Other matters included in the report on the audit of the Department for the Economy 2020-21 resource accounts
Mr Donnelly’s report on the 20-21 Department for the Economy accounts notes a further qualification relating to irregular spending on three apprenticeship recovery schemes launched in September 2020 to support employers in response to the pandemic. It criticises a failure by the Department to secure approval from the Department of Finance (DoF) to make the payments, as was required by legislation. The Department subsequently identified this issue and paused the schemes on 4 October 2021 whilst it sought DoF approval, but by this stage £6.2 million of payments had been already been made. Since the legislation required DoF approval prior to payments being made it was not possible to obtain retrospective approval for the £6.2 million already paid, and this expenditure is therefore illegal. DoF approval was, however, obtained for future payments and the schemes then recommenced.

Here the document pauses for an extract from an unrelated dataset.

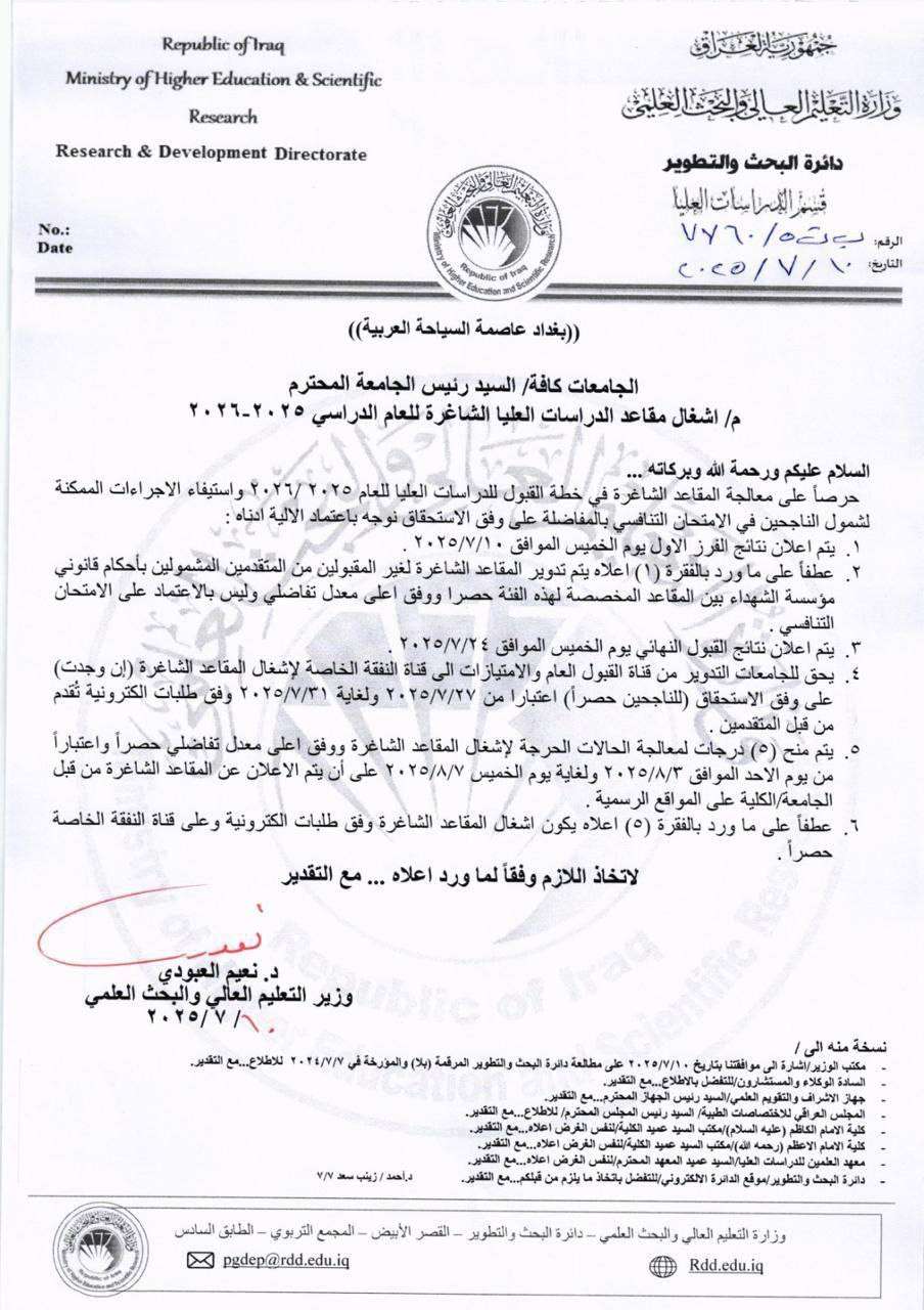 وجّهت وزارة التعليم العالي والبحث العلمي باعتماد آلية لمعالجة المقاعد الشاغرة في خطة القبول للدراسات العليا للعام الدراسي 2025-2026، بما يضمن شمول الناجحين في الامتحان التنافسي ضمن المفاضلة على أساس الاستحقاق.
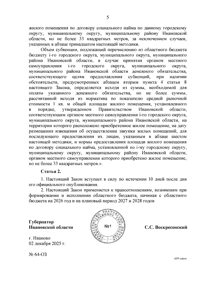 Закон Ивановской области от 02.12.2025 N 64-ОЗ "О внесении изменений в Закон Ивановской области "О дополнительных гарантиях по социальной поддержке детей-сирот и детей, оставшихся без попечения родителей, в Ивановской области" (принят Ивановской областной Думой 27.11.2025)

Similar irregularities were also highlighted in relation to a £5.3m payment to Tourism Ireland Limited, where again DoF approval was not obtained.
Commenting on these qualifications to the accounts, Mr Donnelly said:
“It is completely unacceptable that a Department fails to comply with the requirements of primary legislation it is relying on to make payments. This is a basic requirement, and it is extremely disappointing to see that the Department has failed to learn lessons from its past failure on obtaining approvals required for the Renewable Heating Incentive scheme.”